Are Adjusted Accounts A Danger Sign For Investors?

Exceptional costs and non cash impairments are annual report's favourite sections when the business is in trouble but wants to report a profit.

Sometimes exceptionals are genuinely exceptional and sometimes this year's exceptionals are different from last year's exceptionals which are different from year before that's exceptionals.

Statutory Figures And Adjusted Figures

All companies are required to file accounts adhering to specific financial reporting standards but they are also free to report in addition using pretty much any accounting practices that they feel appropriate.

At first glance this seems quite sensible, a particular business may have a set of special circumstances that can be better reported using different logic.

Where I get concerned is when companies report massively different figures when using these two standards or when they focus heavily on their own internal standards and downplay the figures from the regulatory standards.

The table below comes from Non Standard Finance's accounts and it is one of the first things that you see in the 2018 Full Year's Results Statement.

Year to 31 December 2018
£,000
2017
£,000
% change
Normalised revenue 166,502 119,756 +39%
Reported revenue 158,824 107,771 +47%
Normalised operating profit 35,876 23,684 +51%
Reported operating profit 19,517 3,802 +413%
Normalised profit before tax 14,769 13,203 +12%
Reported (loss) before tax (1,590) (13,021) +88%
Normalised profit after tax 11,572 10,890 +6%
Reported (loss) after tax (1,679) (10,335) +84%
Normalised earnings per share 3.70p 3.44p +8%
Reported (loss) per share (0.54)p (3.26)p +84%
Full year dividend per share 2.60p 2.20p +18%

In these results the Normalised figures are NSF's own, like all adjusted figures the intent is to see the true underlying performance of the business.

If you owned a business next to a river and that river flooded for the first time in recorded history it would be quite reasonable to show figures that excluded the cost of the repairs to the business as well as statutory ones that included that cost.

So when there is a variance in profit/loss, a £11.6 million profit or a £1.7 million loss you may be happy if the difference can be explained by a flood like event and deeply concerned if it can't.

Once companies get into the habit of presenting adjusted accounts I start to get worried as the need to do this often covers up the fact that the business is actually doing quite badly.


EBITDA

Earnings Before Interest, Tax, Depreciation and Amortisation is a good way to see how a business is trading especially when comparing it with its rivals and is a favourite of big take overs.

The objective is to remove costs that aren't directly associated with operating the business such as a loan taken out to buy it or the cost of the store refurbishment that will be needed in 5 years time.

The problem is that the items omitted still need to be paid, so reports making a big deal out of this measure can mean that the company can't afford its debts or to replace equipment necessary to operate the business.

If you look at Hays travel, they are a well established travel agents who took over a lot of Thomas Cook's shops, so it would be quite reasonable to report EBITDA for the original Hays shops and compare them with EBITDA for the ex Thomas Cook stores.

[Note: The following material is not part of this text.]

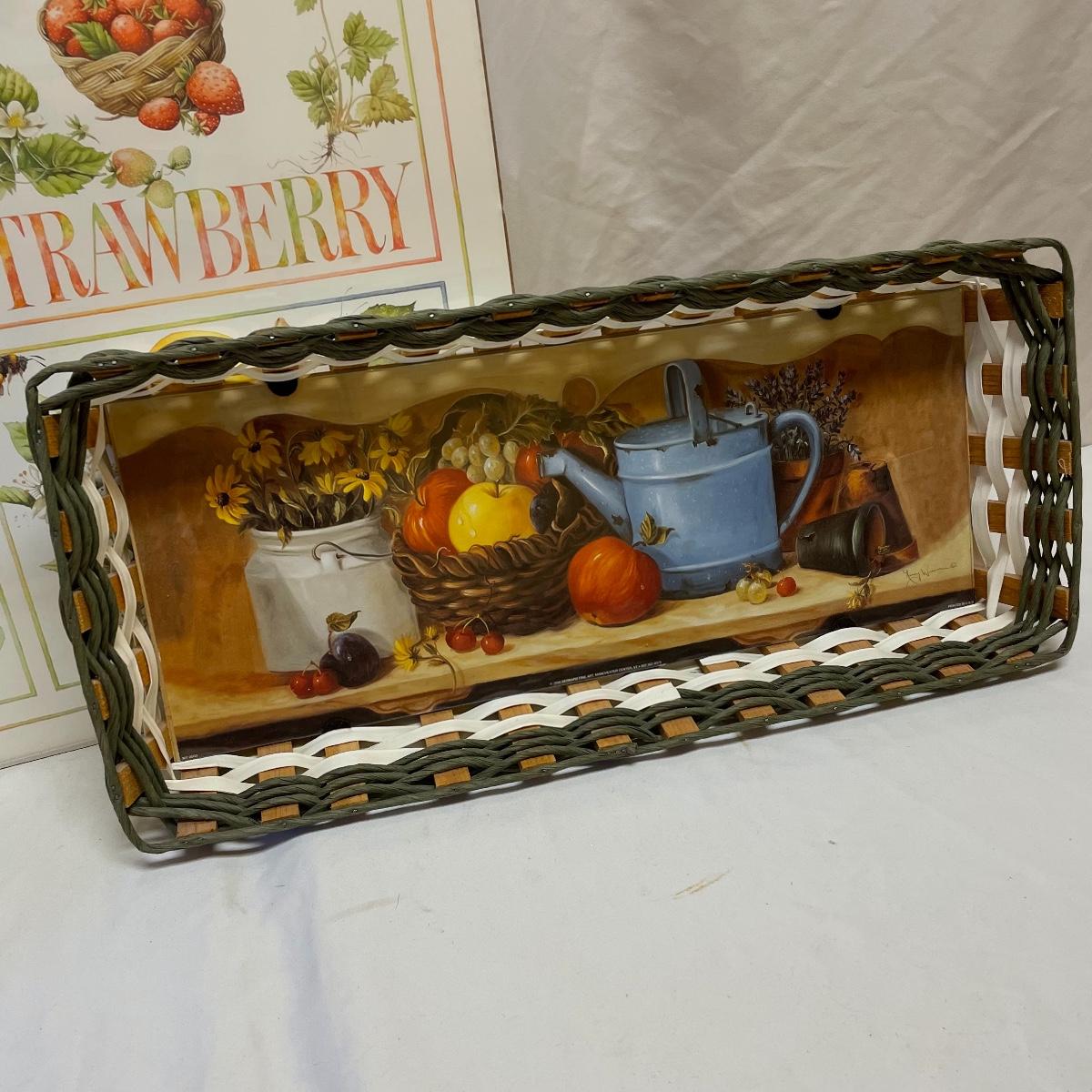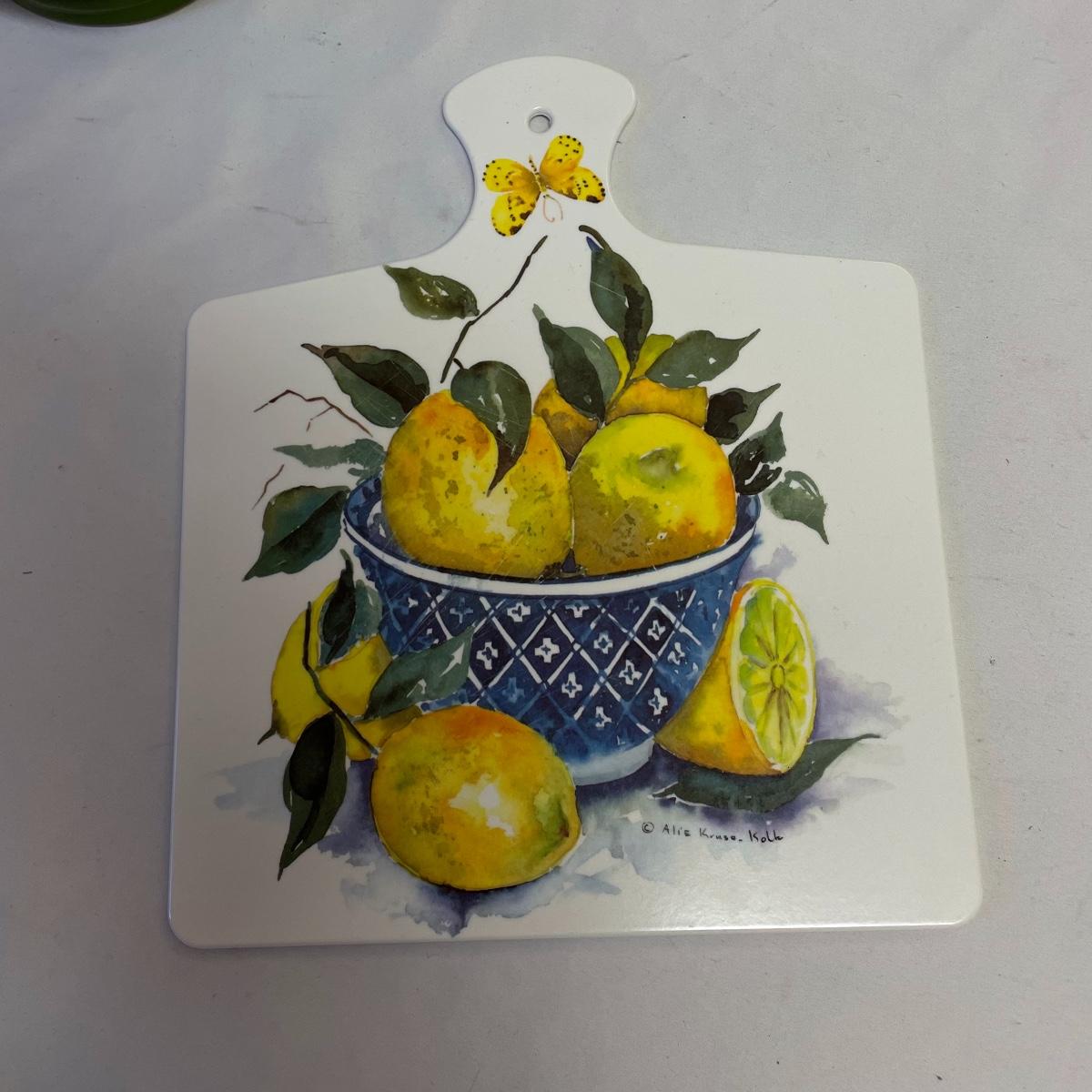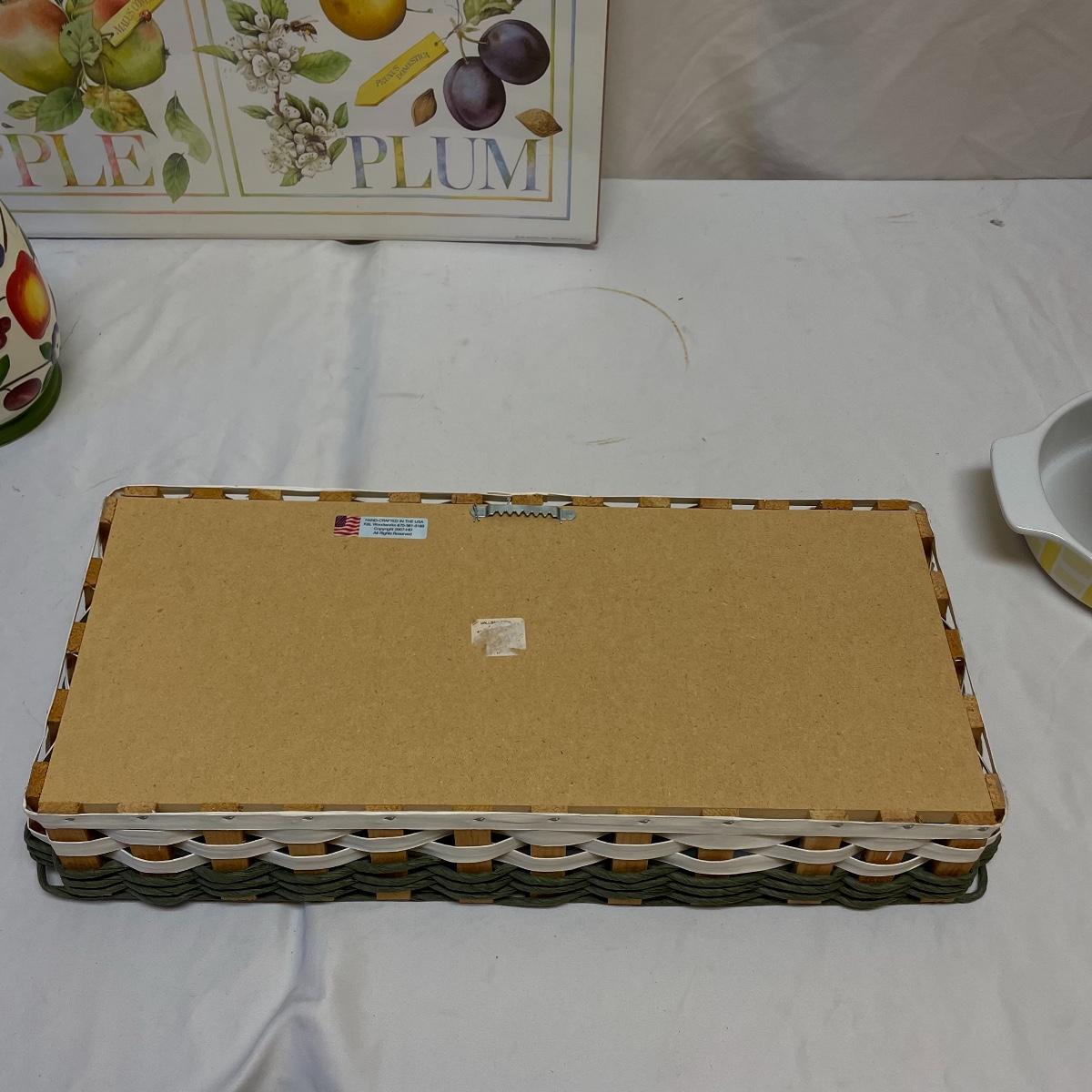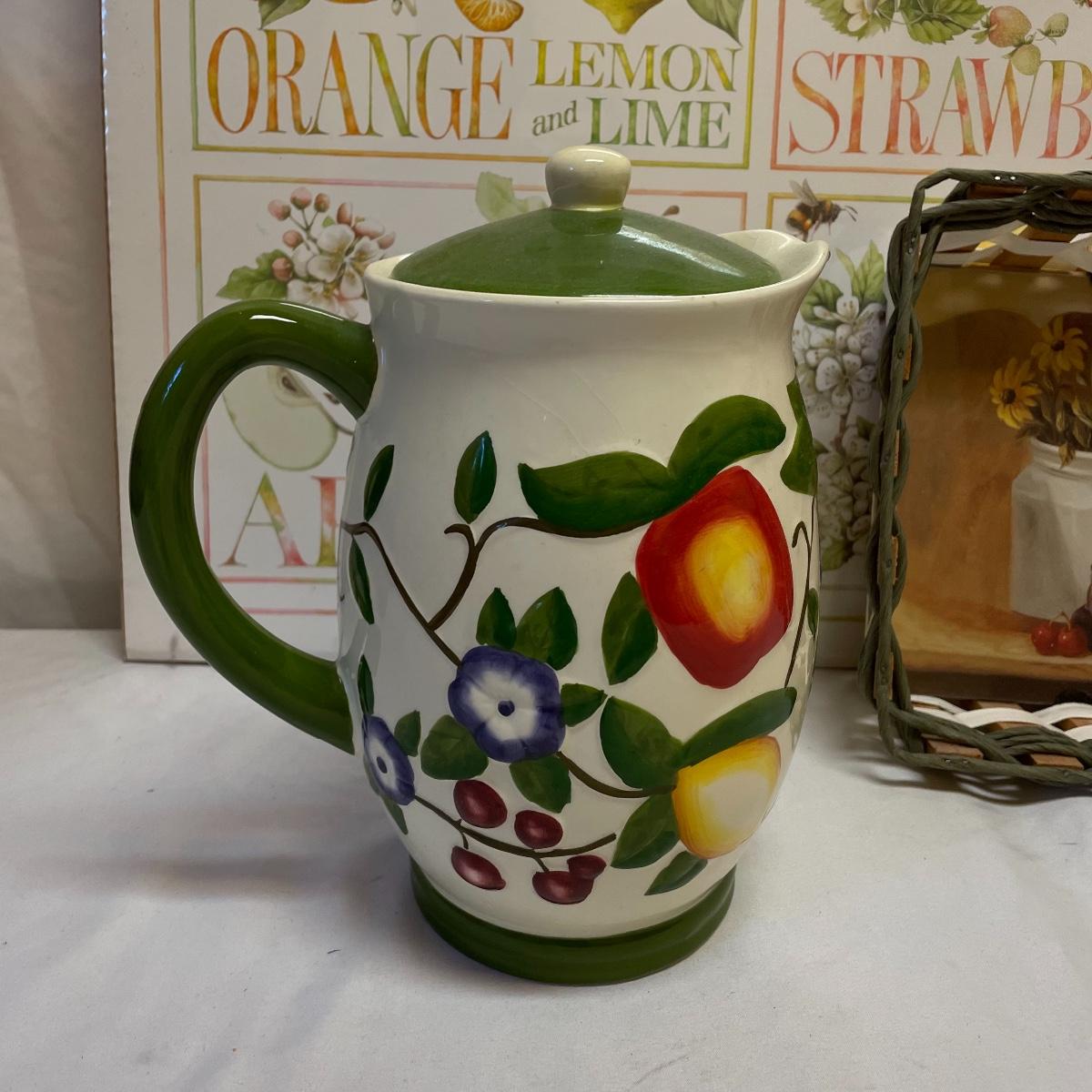 Look at this delicious collection for your home and kitchen! A Made-In-The USA decorative basket for your wall measuring 22” x 10” x 3” ; it has a farmhouse print behind a glass panel and it’s ready to hang! Lot also features a 16”d glass lazy Susan with a lovely lemon-olive scene transporting you straight to the vineyard. Lot also features a textured hand painted pitcher with lid, fruity spreaders set, a crazed hand painted bowl to brighten up your kitchen! Also- lemons galore! A 10” stoneware casserole dish, a decorative cutting board and planter. See images. Local pick up only.

How are the new stores performing in comparison with the old ones?

Reporting EBITDA for the business as a whole is much less useful.

If things are going really badly we can have Adjusted EBITDA will allow even more costs to be excluded.

Taking EBITDA to a stupid extreme, I borrow £1,000 at 5% interest at p.a. and lend the money out at 4%, EBITDA allow me to report a 4% profit.

Depreciation is much harder to evaluate, if you depreciate the value of the fixtures and fittings in a retail store down to zero value, you can keep trading but your store will look scruffy. You can't depreciate below zero in the accounts but as they get scruffier and scruffier your store will start to lose customers.

EBITDA can be useful especially if used with good intent in the same way as 0-60mph tells you something about the performance of a car.


Non Cash Impairments

Something that was previously reported as being worth x is now worth y.

Generally this means that someone overpaid for something in the past and now the accounts need to reflect this.

If these were decisions of previous management that is known to have been a bad decision then this may not be a critical concern, everyone knows that it coming and the share price reflects it.

If it is a result of an unknown bad decision or a surprise then not only is it the loss then you need to worry about but also what else might be revealed.

XL Media (LON:XLM) had a large portfolio of web sites that they used to sell advertising and in Jan 2020 Google demoted many of these sites in the search results meaning that they were less useful in generating sales. This resulted in an $81 million impairment charge for a business whose revenue for that year was $79 million.



Exceptional Costs

Something that meant real money had to be spent rather than an accounting tweak but probably wasn't expected and should not recur.

Some exceptional costs really are exceptional, in May 2019 a US fighter jet crashed into a factory, this probably incurred costs for the factory owner but they really were exceptional.

With failing companies the costs of the failed aspects of the business are often reported as exceptional costs and next year there will be a different set of exceptional costs and these are often associated with Revaluation of ......., Staff redundancy costs, Consultants cost.

Whilst they are kept as Exceptional Costs the company can carry on reporting Adjusted Profits.